This patch introduces the routines used to submit and flush buffers
belonging to SHA1 crypto jobs to the SHA1 multibuffer algorithm.  It is
implemented mostly in assembly optimized with AVX2 instructions.

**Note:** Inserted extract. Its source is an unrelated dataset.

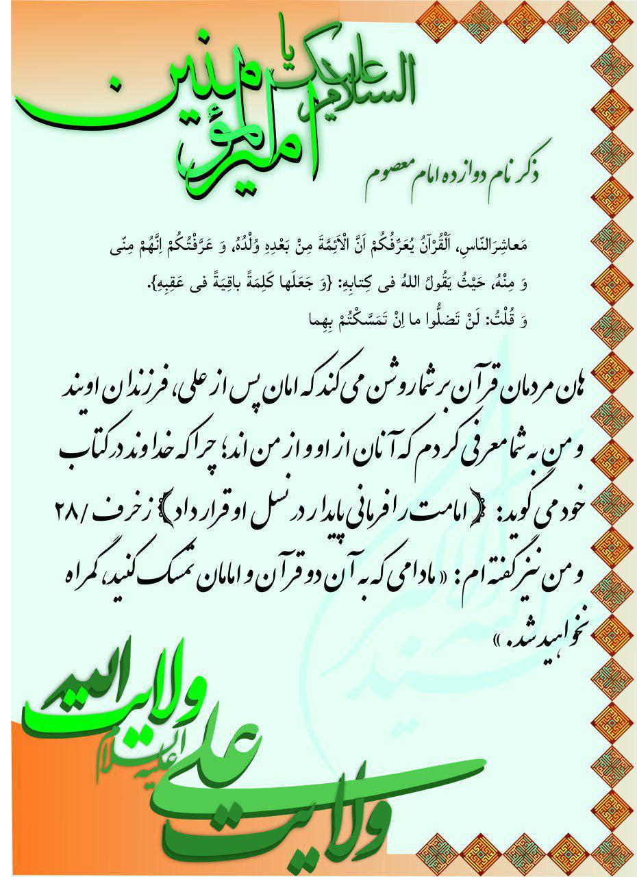 امام خمینی (ره) والله اسلام تمامش سیاست است؛ ***** مقام معظم رهبری: به گفتار امام و کردار امام اهتمام بورزید ***** امام خمینی(ره): ان شاء الله ما اندوه دلمان را در وقت مناسب با انتقام از امریکا و آل سعود برطرف خواهیم ساخت و داغ و حسرت حلاوت این جنایت بزرگ را بر دلشان خواهیم نهاد 1367/4/29 ***** امام خمینی(رحمة الله علیه) : حکومت آل سعود، این وهابیهای پست بیخبر از خدا بسان خنجرند که همیشه از پشت در قلب مسلمانان فرو رفته‌اند 1366/5/12***** امام خمینی (ره) شهادت در راه خدا مسئله ای نیست که بشود با پیروزی در صحنه های نبرد مقایسه شود، مقام شهادت خود اوج بندگی و سیر و سلوک در عالم معنویت است ***** امام خمینی (ره): ما تابع امر خداییم، به همین دلیل طالب شهادتیم و تنها به همین دلیل است که زیر بار ذلت و بندگی غیر خدا نمی رویم ***** امام خمینی(ره) ”من برای آنکه شما جوانان شایسته ای هستید، علاقه دارم که جوانی خود را در راه خداوند و اسلام عزیز و جمهوری اسلامی صرف کنید تا سعادت هر دو جهان را دریابید.„ ***** حُسنُ الخلاقِ یُدِّرُ الرزاقَ وَ یونِسَ الرِّفاقَ؛ خوش اخلاقى روزى ها را زیاد مى کند و میان دوستان انس و الفت پدید مى آورد. «نهج الفصاحه، ح 781»***** امام خمینی(س) علم همراه تهذیبِ نفس است که انسان را به مقام انسانیت می رساند .هم در علم کوشا باشید و هم در عمل و هم در تهذیب اخلاق ***** بايد مسائل اسلامي حل بشود در اينجا و پياده بشود. بايد مستضعفين را حمايت بكنند، بايد مستضعفين تقويت بشوند حضرت امام خميني قدس سره الشريف صحیفه امام – جلد 6 – صفحه 461 ***** اهمیّت فضای مجازی به انداره ی انقلاب اسلامی است "مقام معظم رهبری" ***** آن کسی قلمش قلم انسانی است که از روی انصاف بنویسد. امام خمینی (ره) ***** همان طوري که در سابق عمل مي‌شد، روضه‌خواني بشود، مرثيه گفته بشود، شعر و نثر در فضايل اهل بيت و در مصائب آنها گفته بشود. حضرت امام خميني قدس سره الشريف صحيفه امام – جلد 15 – ص 332 ***** نگذاريد پيشكسوتان شهادت و خون در پيچ و خم زندگي روزمره خود به فراموشي سپرده شوند. حضرت امام خميني قدس سره الشريف صحيفه امام، ج 21، ص 93 ***** من در ميان شما باشم و يا نباشم، به همه شما وصيت و سفارش مي‌کنم که نگذاريد انقلاب به دست نااهلان و نامحرمان بيفتد. حضرت امام خميني قدس سره الشريف صحيفه امام، ج 21، ص 93 ***** پيامبر اسلام نيازي به مساجد اشرافي و مناره‌هاي تزئيناتي ندارد. پيامبر اسلام دنبال مجد و عظمت پيروان خود بوده است که متأسفانه با سياست‌هاي غلط حاکمان دست‌نشانده به خاک مذلت نشسته‌اند. حضرت امام خميني قدس سره الشريف صحيفه امام، ج 21، ص 80 ***** پيغمبر اسلام تمام عمرش در امور سياسي بود، تمام عمرش را صرف كرد در سياست اسلامي، و حكومت اسلامي تشكيل داد. حضرت امام خميني قدس سره الشريف صحيفه امام، ج 15، ص 11 ***** امام به همه فهماند که انسان کامل شدن، علی وار زیستن و تا نزدیکی مرزهای عصمت پیش رفتن افسانه نیست. مقام معظم رهبری ***** راه ما راه امام خمینی است و در این راه با همه قدرت و قاطعیت خود حرکت خواهیم کرد. مقام معظم رهبری

Signed-off-by: Tim Chen <tim.c.chen@linux.intel.com>
---
 arch/x86/crypto/sha-mb/sha1_mb_mgr_flush_avx2.S  | 327 +++++++++++++++++++++++
 arch/x86/crypto/sha-mb/sha1_mb_mgr_init_avx2.c   |  64 +++++
 arch/x86/crypto/sha-mb/sha1_mb_mgr_submit_avx2.S | 228 ++++++++++++++++
 3 files changed, 619 insertions(+)
 create mode 100644 arch/x86/crypto/sha-mb/sha1_mb_mgr_flush_avx2.S
 create mode 100644 arch/x86/crypto/sha-mb/sha1_mb_mgr_init_avx2.c
 create mode 100644 arch/x86/crypto/sha-mb/sha1_mb_mgr_submit_avx2.S

diff --git a/arch/x86/crypto/sha-mb/sha1_mb_mgr_flush_avx2.S b/arch/x86/crypto/sha-mb/sha1_mb_mgr_flush_avx2.S
new file mode 100644
index 0000000..85c4e1c
--- /dev/null
+++ b/arch/x86/crypto/sha-mb/sha1_mb_mgr_flush_avx2.S
@@ -0,0 +1,327 @@
+/*
+ * Flush routine for SHA1 multibuffer
+ *
+ * This file is provided under a dual BSD/GPLv2 license.  When using or
+ * redistributing this file, you may do so under either license.
+ *
+ * GPL LICENSE SUMMARY
+ *
+ *  Copyright(c) 2014 Intel Corporation.
+ *
+ *  This program is free software; you can redistribute it and/or modify
+ *  it under the terms of version 2 of the GNU General Public License as
+ *  published by the Free Software Foundation.
+ *
+ *  This program is distributed in the hope that it will be useful, but
+ *  WITHOUT ANY WARRANTY; without even the implied warranty of
+ *  MERCHANTABILITY or FITNESS FOR A PARTICULAR PURPOSE.  See the GNU
+ *  General Public License for more details.
+ *
+ *  Contact Information:
+ *      James Guilford <james.guilford@intel.com>
+ *	Tim Chen <tim.c.chen@linux.intel.com>
+ *
+ *  BSD LICENSE
+ *
+ *  Copyright(c) 2014 Intel Corporation.
+ *
+ *  Redistribution and use in source and binary forms, with or without
+ *  modification, are permitted provided that the following conditions
+ *  are met:
+ *
+ *    * Redistributions of source code must retain the above copyright
+ *      notice, this list of conditions and the following disclaimer.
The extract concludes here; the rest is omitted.